▶ [WORK REQUIRED]: At the line containing "初めての試合形式のご参加で、良い経験になったとのことで、うれしいです!", begin an exact copy, and continue through the last line of the entries below. Leave out any pictures.

▶ [MATERIAL SUPPLIED]:
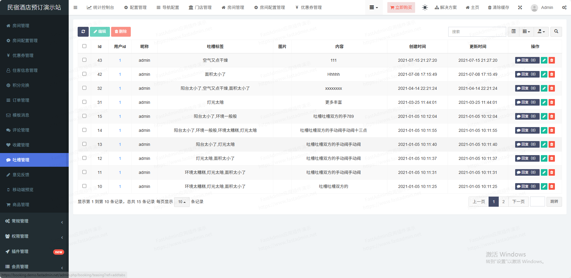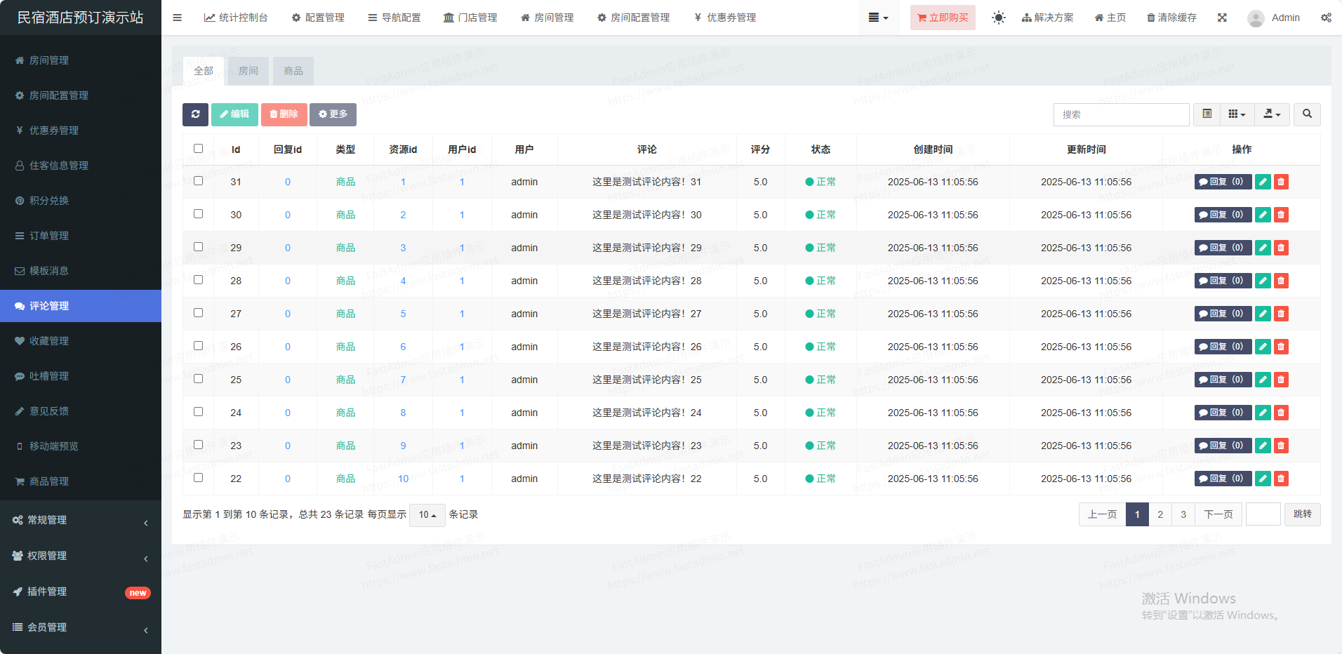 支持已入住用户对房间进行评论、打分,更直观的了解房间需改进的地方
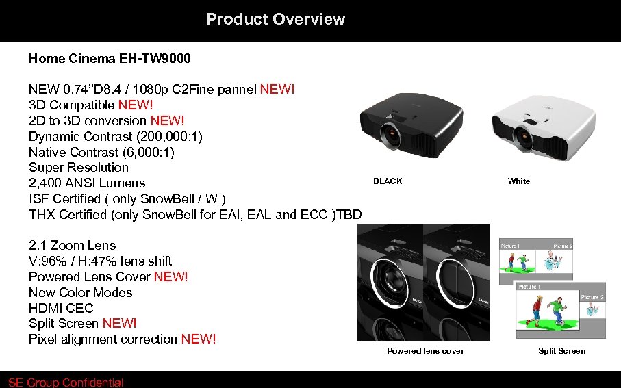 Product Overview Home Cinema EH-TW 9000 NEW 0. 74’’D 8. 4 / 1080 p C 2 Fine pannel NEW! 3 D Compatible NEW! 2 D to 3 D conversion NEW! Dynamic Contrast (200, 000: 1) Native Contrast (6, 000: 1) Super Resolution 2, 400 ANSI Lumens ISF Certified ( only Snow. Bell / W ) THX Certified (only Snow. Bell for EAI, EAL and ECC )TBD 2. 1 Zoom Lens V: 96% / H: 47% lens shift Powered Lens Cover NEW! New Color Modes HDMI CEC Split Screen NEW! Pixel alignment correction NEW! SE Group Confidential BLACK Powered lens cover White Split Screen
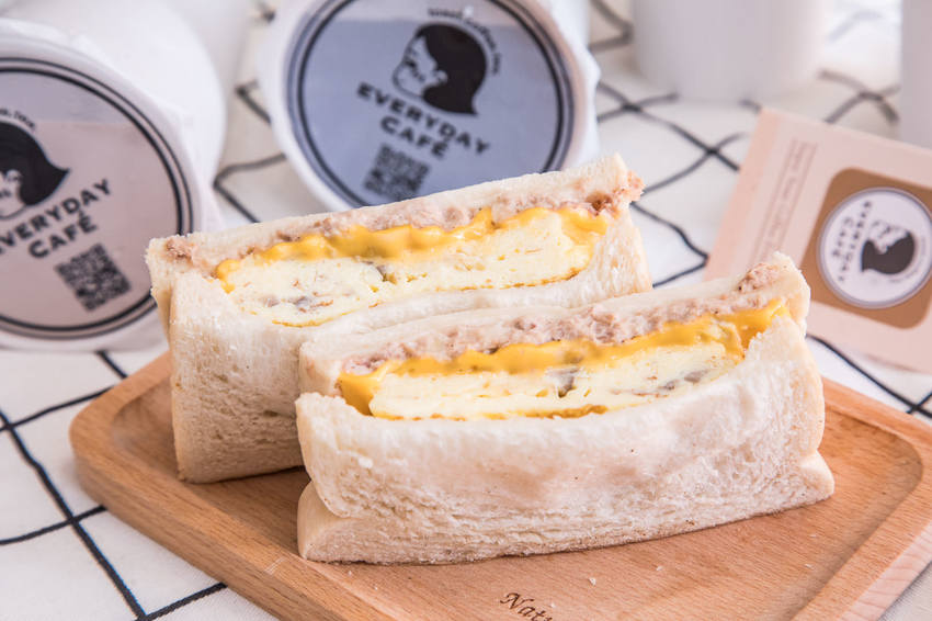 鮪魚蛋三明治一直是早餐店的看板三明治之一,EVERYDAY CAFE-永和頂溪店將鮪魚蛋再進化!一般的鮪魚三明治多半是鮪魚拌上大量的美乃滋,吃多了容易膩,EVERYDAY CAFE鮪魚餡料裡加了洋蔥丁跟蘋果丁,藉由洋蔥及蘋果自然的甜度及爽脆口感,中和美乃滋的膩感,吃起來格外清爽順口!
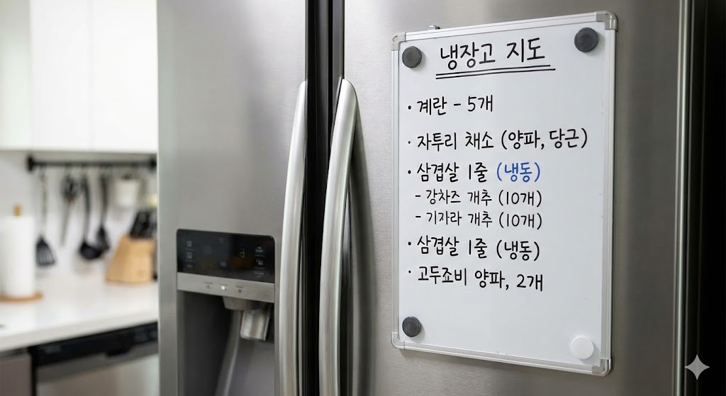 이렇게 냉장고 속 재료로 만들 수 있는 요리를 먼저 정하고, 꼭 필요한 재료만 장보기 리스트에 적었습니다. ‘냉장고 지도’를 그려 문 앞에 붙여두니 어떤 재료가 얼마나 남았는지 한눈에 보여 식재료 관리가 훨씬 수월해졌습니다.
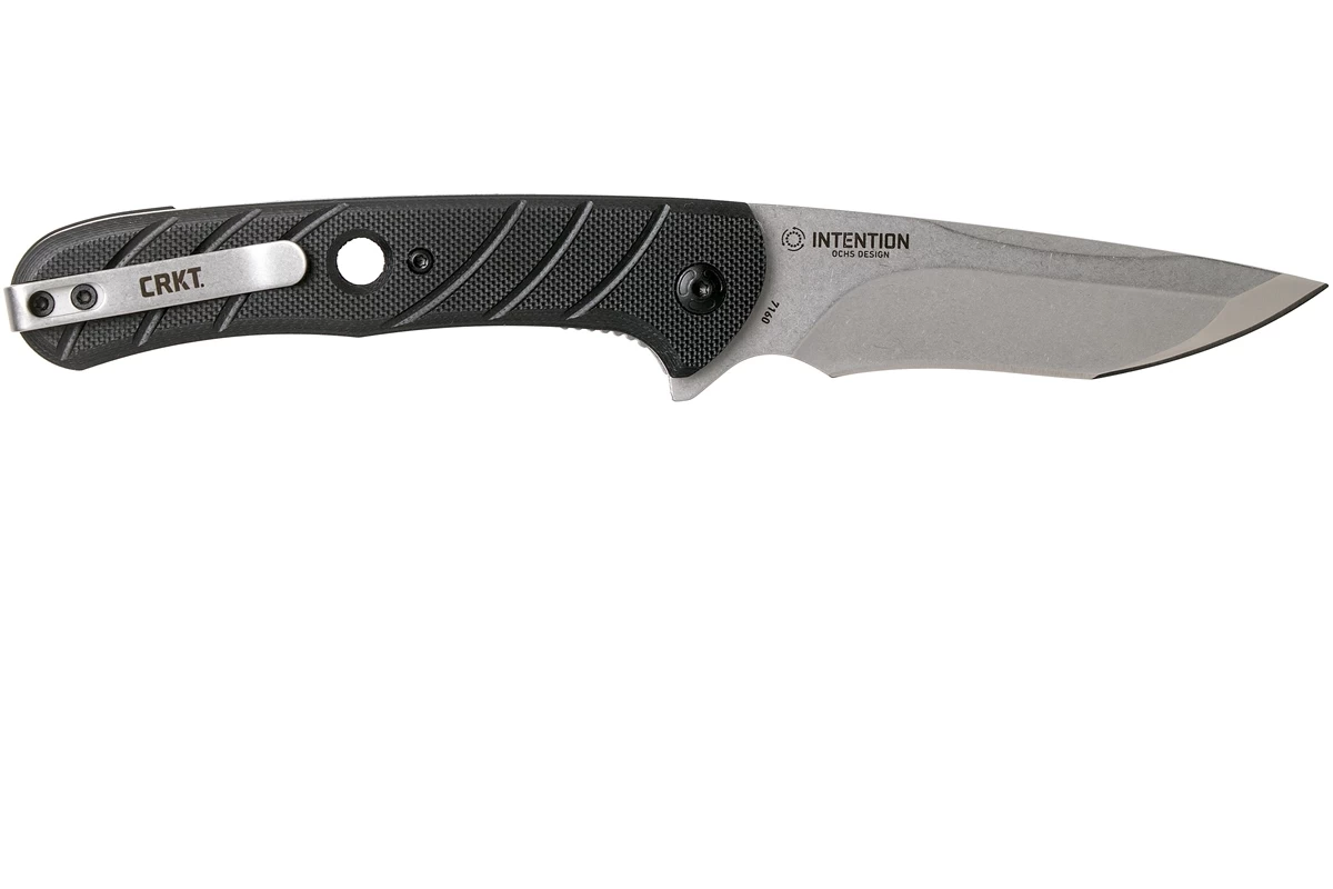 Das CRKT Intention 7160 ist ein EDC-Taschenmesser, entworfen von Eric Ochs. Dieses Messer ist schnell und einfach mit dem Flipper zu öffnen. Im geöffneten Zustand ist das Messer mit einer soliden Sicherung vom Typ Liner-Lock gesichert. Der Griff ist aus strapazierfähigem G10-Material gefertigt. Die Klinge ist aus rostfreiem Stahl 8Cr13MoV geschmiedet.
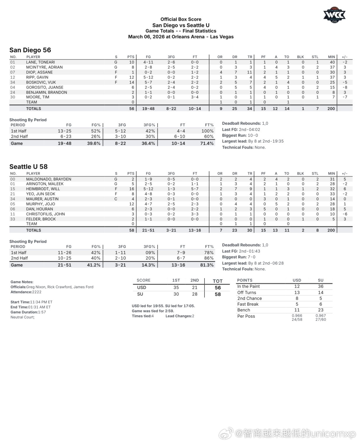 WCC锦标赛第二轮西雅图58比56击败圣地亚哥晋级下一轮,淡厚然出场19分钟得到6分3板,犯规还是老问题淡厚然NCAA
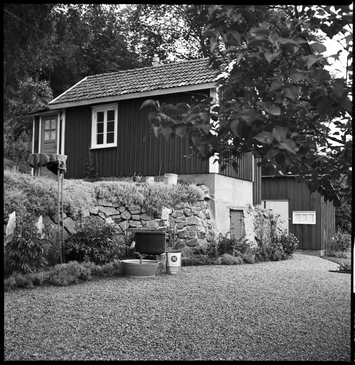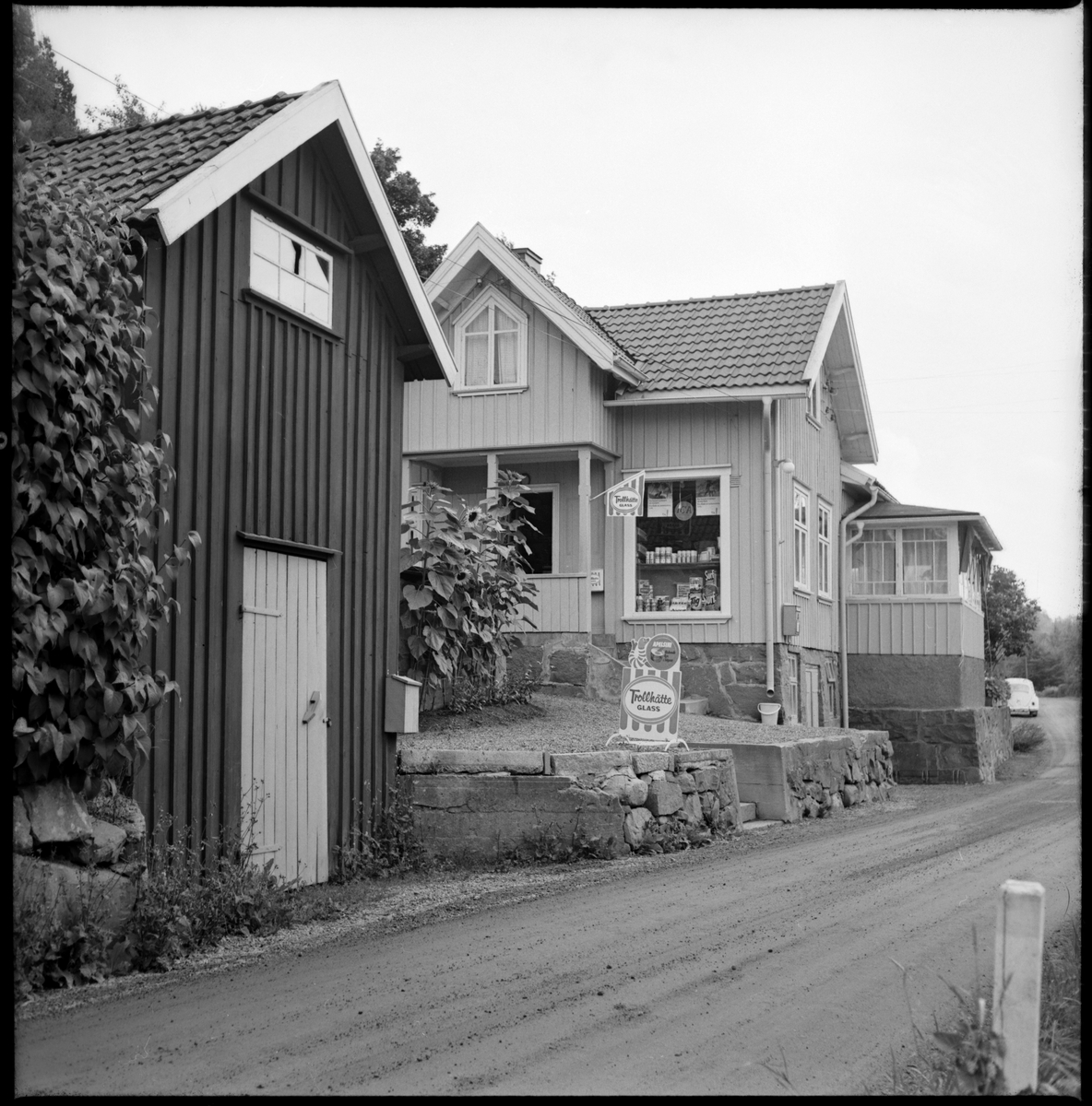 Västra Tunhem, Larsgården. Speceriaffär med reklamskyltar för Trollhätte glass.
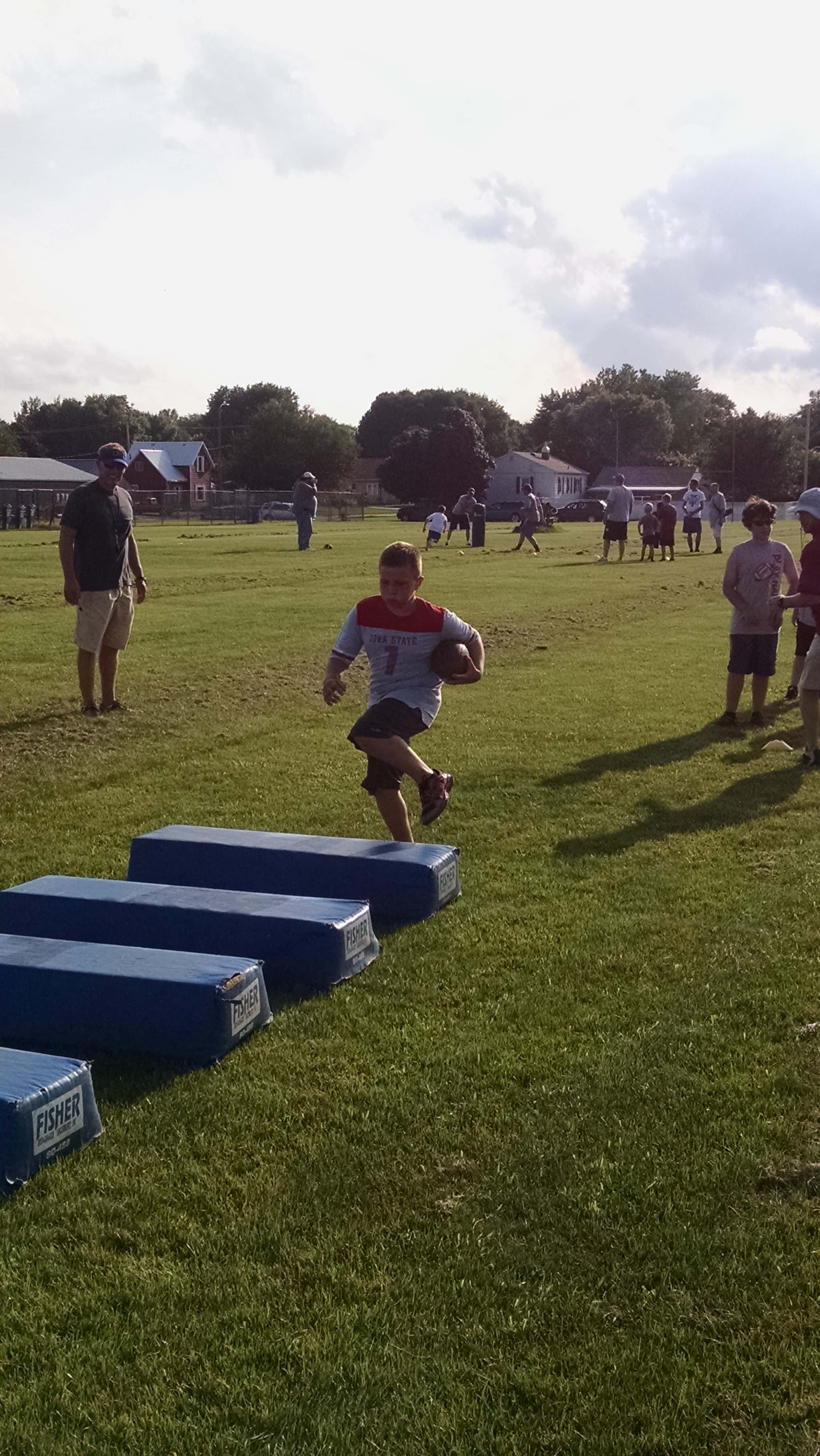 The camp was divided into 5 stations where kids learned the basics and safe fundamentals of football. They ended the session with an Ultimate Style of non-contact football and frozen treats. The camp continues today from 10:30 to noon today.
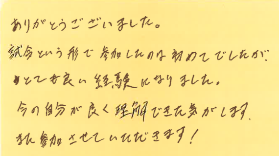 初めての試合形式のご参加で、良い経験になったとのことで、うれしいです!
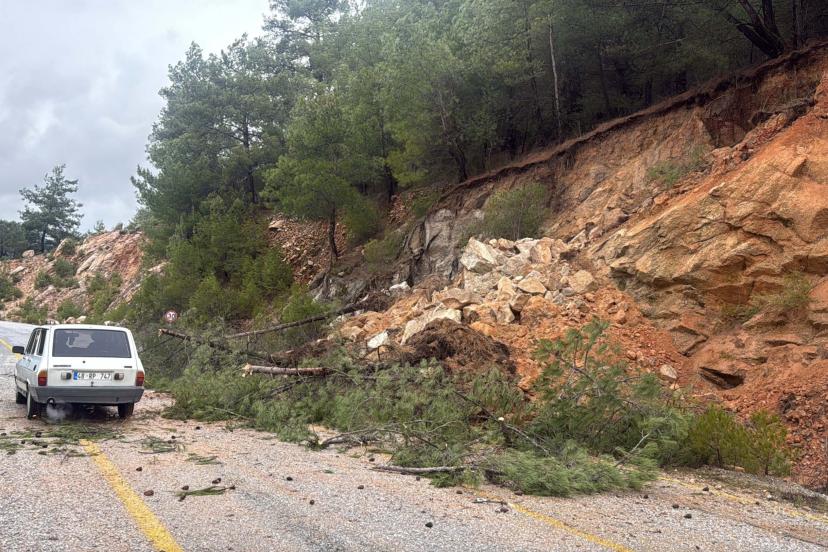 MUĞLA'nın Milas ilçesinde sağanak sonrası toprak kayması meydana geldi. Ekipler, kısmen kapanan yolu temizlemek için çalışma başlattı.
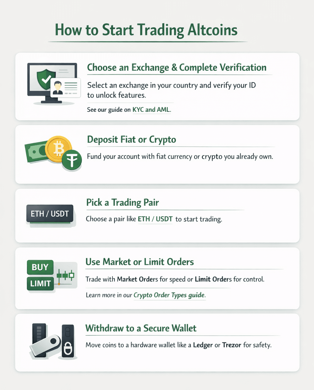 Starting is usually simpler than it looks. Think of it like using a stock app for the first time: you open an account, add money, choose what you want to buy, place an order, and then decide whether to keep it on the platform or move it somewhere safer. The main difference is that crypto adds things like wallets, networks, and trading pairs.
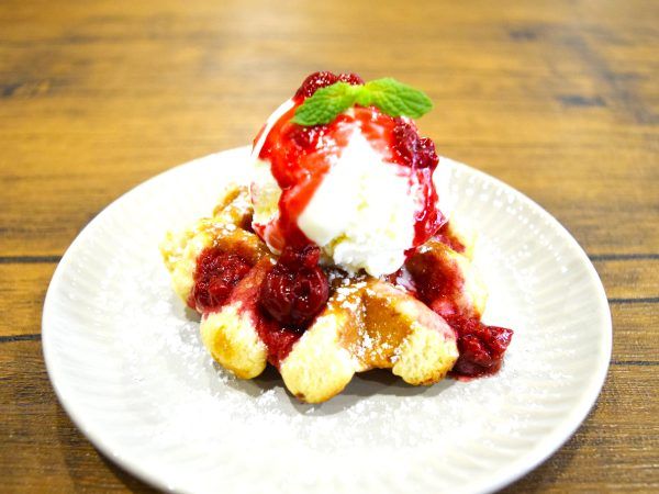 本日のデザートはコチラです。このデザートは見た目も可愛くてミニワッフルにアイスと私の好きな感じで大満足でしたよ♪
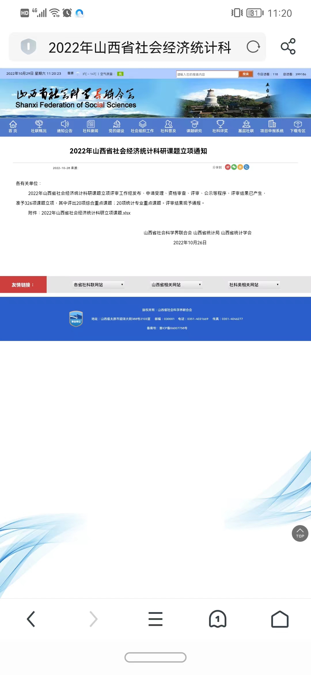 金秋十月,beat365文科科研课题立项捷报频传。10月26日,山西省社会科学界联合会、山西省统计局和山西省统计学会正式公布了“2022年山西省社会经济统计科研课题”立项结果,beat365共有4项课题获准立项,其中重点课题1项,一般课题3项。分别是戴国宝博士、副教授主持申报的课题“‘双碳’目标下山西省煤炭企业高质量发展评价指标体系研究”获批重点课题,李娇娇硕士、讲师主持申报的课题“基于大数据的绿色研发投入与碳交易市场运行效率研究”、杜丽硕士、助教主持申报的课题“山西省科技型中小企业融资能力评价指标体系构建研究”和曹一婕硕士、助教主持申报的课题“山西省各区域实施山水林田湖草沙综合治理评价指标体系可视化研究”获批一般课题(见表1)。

▶ [SOLUTION FOR THIS EXERCISE]:
 初めての試合形式のご参加で、良い経験になったとのことで、うれしいです!
 MUĞLA'nın Milas ilçesinde sağanak sonrası toprak kayması meydana geldi. Ekipler, kısmen kapanan yolu temizlemek için çalışma başlattı.
 Starting is usually simpler than it looks. Think of it like using a stock app for the first time: you open an account, add money, choose what you want to buy, place an order, and then decide whether to keep it on the platform or move it somewhere safer. The main difference is that crypto adds things like wallets, networks, and trading pairs.
 本日のデザートはコチラです。このデザートは見た目も可愛くてミニワッフルにアイスと私の好きな感じで大満足でしたよ♪
 金秋十月,beat365文科科研课题立项捷报频传。10月26日,山西省社会科学界联合会、山西省统计局和山西省统计学会正式公布了“2022年山西省社会经济统计科研课题”立项结果,beat365共有4项课题获准立项,其中重点课题1项,一般课题3项。分别是戴国宝博士、副教授主持申报的课题“‘双碳’目标下山西省煤炭企业高质量发展评价指标体系研究”获批重点课题,李娇娇硕士、讲师主持申报的课题“基于大数据的绿色研发投入与碳交易市场运行效率研究”、杜丽硕士、助教主持申报的课题“山西省科技型中小企业融资能力评价指标体系构建研究”和曹一婕硕士、助教主持申报的课题“山西省各区域实施山水林田湖草沙综合治理评价指标体系可视化研究”获批一般课题(见表1)。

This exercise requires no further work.